*Data in this exercise*.
——
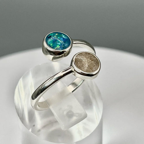 sterling silver wave ring made with ocean sand, white opals, blue opals and ashes
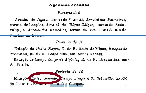 Der Bahnhof São Gonçalo wurde 1874 von der Gesellschaft Cia. Ferro-Carril Nictheroyense eingeweiht, ging aber bald danach in Besitz der E.F. Leopoldina-Bahngesellschaft in der sogenannte Küstenlinie (Linha do Litoral) über. Von 1975 bis Betriebsende 1996 gehörte die Linie der Rede Ferroviária Federal S. A. Heute dient der Bahnhof als Materiallager der Gemeinde, die Schienen wurden bereits entfernt (estacoesferroviarias.com.br). Das Bahnhofspostamt wurde im April 1874 ins Leben gerufen, wie die Presse aus Rio berichtet:
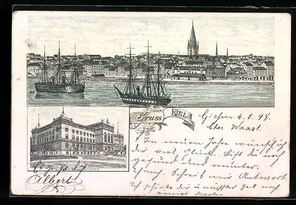 Lithographie Kiel, Marine Academie, Ortsansicht mit Schiffen
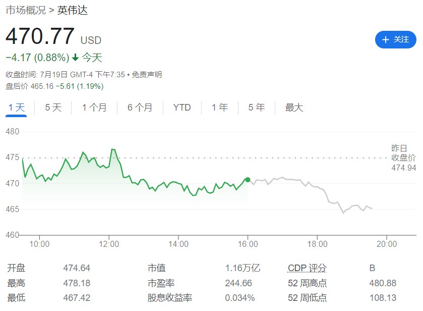 英偉達延續盤中跌勢,盤後跌超 1%。
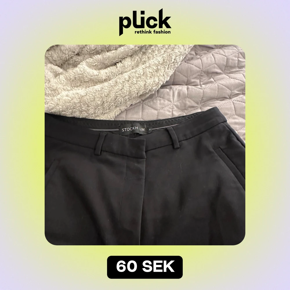 Säljer ett par svarta kostymbyxor från Stockh LM. De har en klassisk design med hög midja och raka ben.
——
*Task to complete*.
Leaving out the images, return the entries above exactly as they read.

*Expected output*.
 sterling silver wave ring made with ocean sand, white opals, blue opals and ashes
 Der Bahnhof São Gonçalo wurde 1874 von der Gesellschaft Cia. Ferro-Carril Nictheroyense eingeweiht, ging aber bald danach in Besitz der E.F. Leopoldina-Bahngesellschaft in der sogenannte Küstenlinie (Linha do Litoral) über. Von 1975 bis Betriebsende 1996 gehörte die Linie der Rede Ferroviária Federal S. A. Heute dient der Bahnhof als Materiallager der Gemeinde, die Schienen wurden bereits entfernt (estacoesferroviarias.com.br). Das Bahnhofspostamt wurde im April 1874 ins Leben gerufen, wie die Presse aus Rio berichtet:
 Lithographie Kiel, Marine Academie, Ortsansicht mit Schiffen
 英偉達延續盤中跌勢,盤後跌超 1%。
 Säljer ett par svarta kostymbyxor från Stockh LM. De har en klassisk design med hög midja och raka ben.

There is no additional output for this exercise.